Can vaccine whoop allergies?

Whooping cough vaccine could help in the fight against food allergies according to latest research by the Wesfarmers Centre of Vaccines and Infectious Diseases (WCVID).

The research, published in The Journal of Allergy and Clinical Immunology, indicates a dose of the whooping cough vaccine might reduce cases of childhood food allergy.

In practice, researchers have found that using two different types of the whooping cough vaccine could have the added benefit of boosting protection against life-threatening allergies to foods like eggs, milk, soy, peanuts, tree nuts, wheat, fish and shellfish.

Professor Tom Snelling, paediatrician and vaccine researcher at WCVID, said that in Australia we use an ‘acellular’ whooping cough vaccine and all babies need to receive a dose from six weeks old, and again at four and six months.

“Many countries around the world use an older ‘whole-cell’ whooping cough vaccine, however this was replaced by the updated acellular vaccine across Australia in the late 1990s,” Professor Snelling said.

“Since use of the whole-cell vaccine was phased out, researchers noticed an increase in both the number of cases of food allergies and their severity.”

Researchers reviewed the cases of 500 children diagnosed with food allergy by specialist allergists over the past 20 years, discovering that children who had received one or more doses of whole-cell vaccine in the late 1990s were 23 per cent less likely to be diagnosed with a food allergy than those who didn’t.

Professor Snelling emphasises that both the acellular vaccine and the older whole-cell vaccines are proven to be safe and effective in providing vital protection against whooping cough, but points out that allergic and other serious reactions caused by vaccines are known to be extremely rare, so the results support the theory that some vaccines might actually reduce the risk of serious allergies.

“There are currently 250,000 young Australians living with severe food allergy, and up to three in every 10 babies born each year will develop either a food-related allergy or eczema,” he said.

“These allergies occur when the immune system reacts to everyday substances such as different types of food.
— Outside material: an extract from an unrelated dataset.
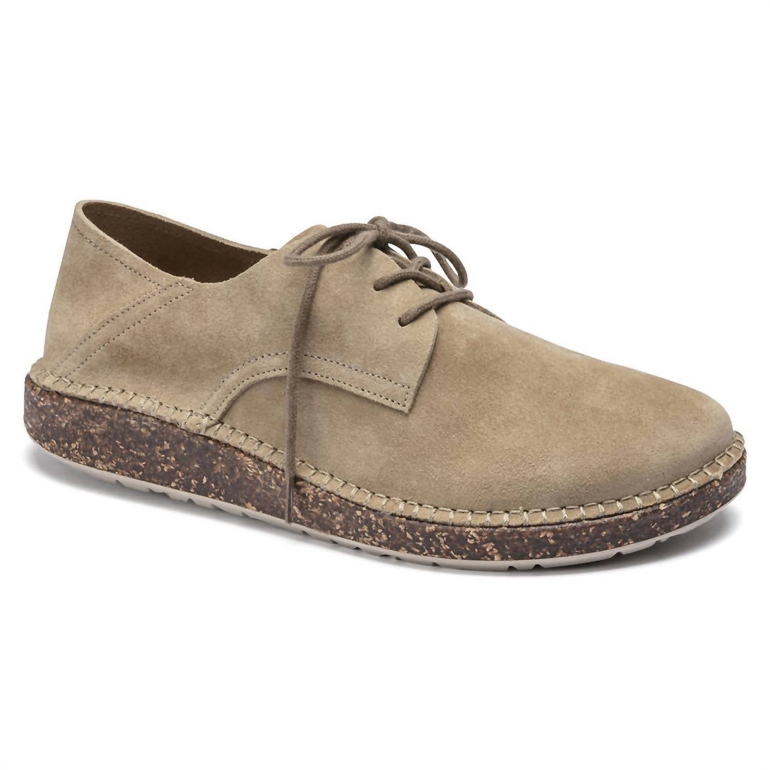 Discover the Women's Gary Lace Up Shoe by BIRKENSTOCK, a versatile piece combining signature style with vintage elegance in a stunning sand color. Crafted from especially soft suede, this design offers the flexibility of a collapsible back for both lace-up and slide options, ensuring ultimate comfort with an anatomically shaped footbed. The footbed is lined with microfiber for added softness, and the durable EVA sole provides reliable support. Proudly made in Portugal, these shoes are perfect for travel and fall occasions with a flat heel and round toe shape.

We believe that by harmlessly mimicking infections, some vaccines such as the whole-cell whooping cough vaccine have the potential to help steer the immune system away from developing allergic reactions.”

The study also adds evidence indicating a single initial dose of the whole cell vaccine might have the additional benefit of partially protecting young babies against developing life-threatening food allergies.
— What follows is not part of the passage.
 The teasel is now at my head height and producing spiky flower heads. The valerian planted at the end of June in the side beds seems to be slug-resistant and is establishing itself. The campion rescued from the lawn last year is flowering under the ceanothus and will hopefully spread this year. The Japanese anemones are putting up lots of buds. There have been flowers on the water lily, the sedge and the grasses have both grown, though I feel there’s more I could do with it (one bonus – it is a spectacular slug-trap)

The research team have been awarded a $3.9 million grant from the National Health and Medical Research Council to further investigate these findings and is conducting a carefully controlled study involving 3000 Australian babies throughout 2020.
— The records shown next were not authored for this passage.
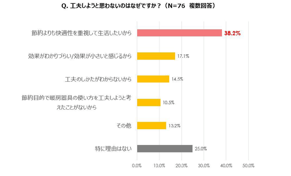 一方で、「工夫しようと思わない」(14.8%)と答えた人に対し、その理由を聞いたところ、「節約よりも快適性を重視して生活したいから」(38.2%)が最も多い理由で、次いで「効果がわかりづらい/効果が小さいと感じるから」(17.1%)、「工夫のしかたがわからないから」(14.5%)という回答が挙がりました。
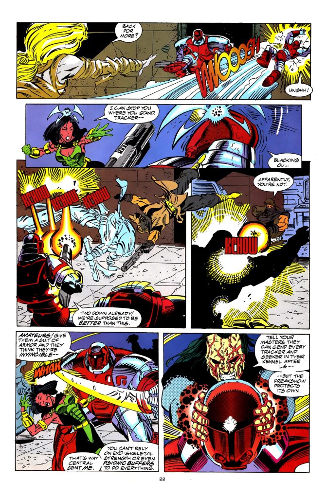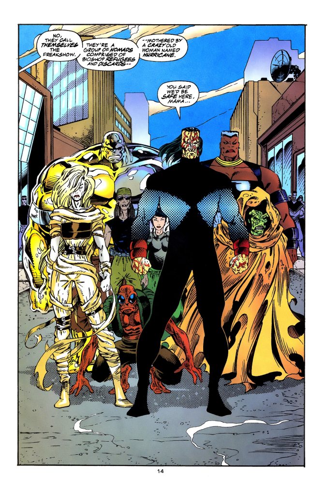 In this comic book, John Francis Moore really kept on focusing on developing the X-Men while keeping the narrative fresh with twists and the occasional moments of shock. While the cover of this comic book expressed the return of the other X-Men member Eddie/Metalhead (who stayed behind and separated from Xi’an’s mutants), the story here surprisingly had much less focus on the X-Men of 2099 and focused more on the Freakshow (which Metalhead is now part of).
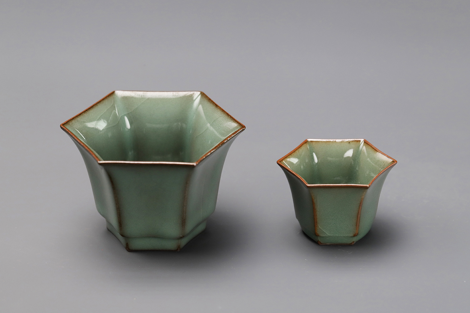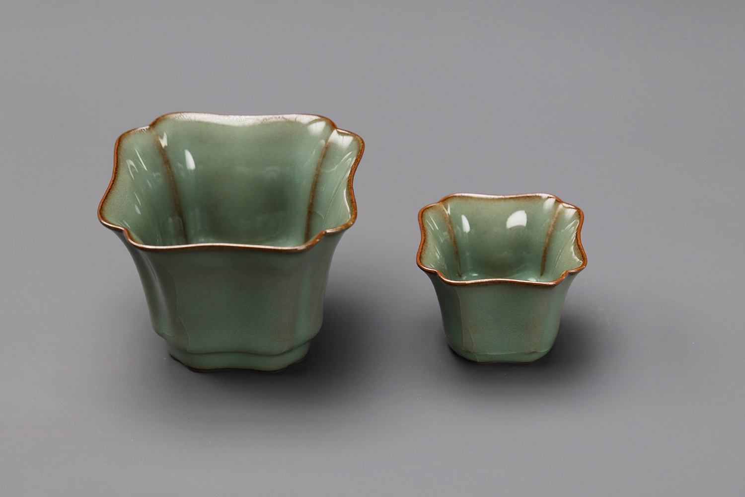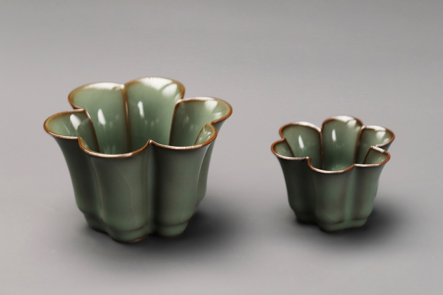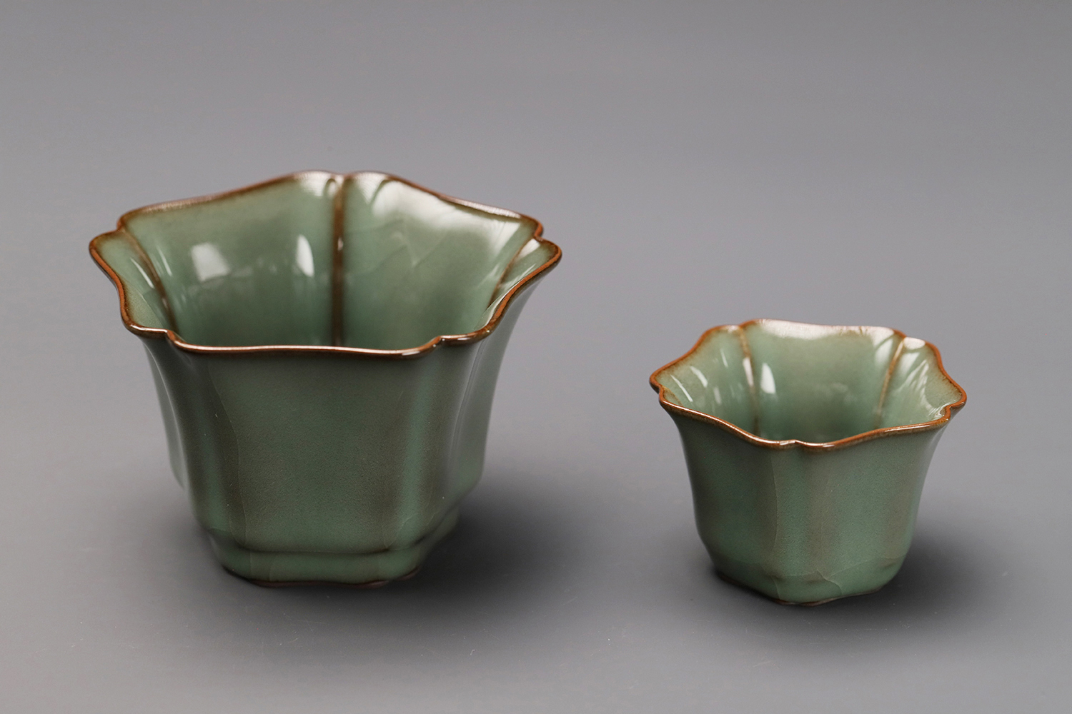 杯子都是异形,大款高度约5厘米,小款高度约3.5厘米。
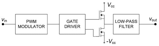 Block diagram of a half-bridge class-D power amplifier.
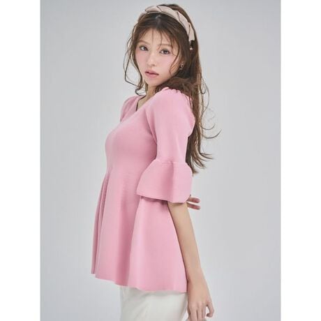 【洗える】ベルスリーブペプラムニットプルオーバー

“Babies participating in the study will be randomly assigned to receive either one dose of whole cell whooping cough vaccine followed by two doses of acellular vaccine, or to just have the usual schedule of three doses of the acellular whooping cough vaccine,” said Professor Snelling.

“Participants will be followed until they are 12 months old to confirm whether the whole cell vaccine truly helps to protect against food allergies in infancy and, if successful, a new vaccine schedule could form part of an effective strategy to combat the rise in food allergies.”